Exercise aim: All that is needed is an exact repetition of the lines from the one containing "珀莱雅融资融券信息显示,20" through the final line of the material, without pictures.

Provided material:
:::::
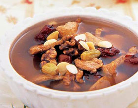 三子核桃肉益发汤:'1.女贞子、覆盆子、菟丝子分别洗净;2.核桃去壳略捣碎;3.瘦肉洗净原件下锅;4.全部材料共置瓦煲,加水8碗,煲至出味;5.加姜、盐调味,去渣,即可饮...
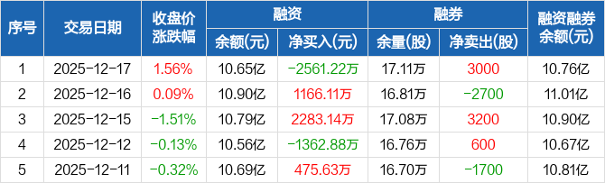 珀莱雅融资融券信息显示,2025年12月17日融资净偿还2561.22万元;融资余额10.65亿元,较前一日下降2.35%。
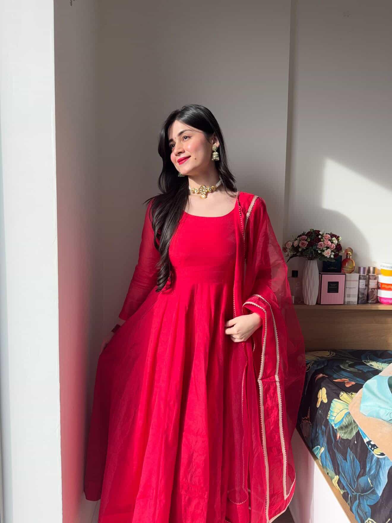 The red color looks absolutely rich and vibrant. The Anarkali flare gives a royal and graceful appearance.
:::::
Answer space:
 珀莱雅融资融券信息显示,2025年12月17日融资净偿还2561.22万元;融资余额10.65亿元,较前一日下降2.35%。
 The red color looks absolutely rich and vibrant. The Anarkali flare gives a royal and graceful appearance.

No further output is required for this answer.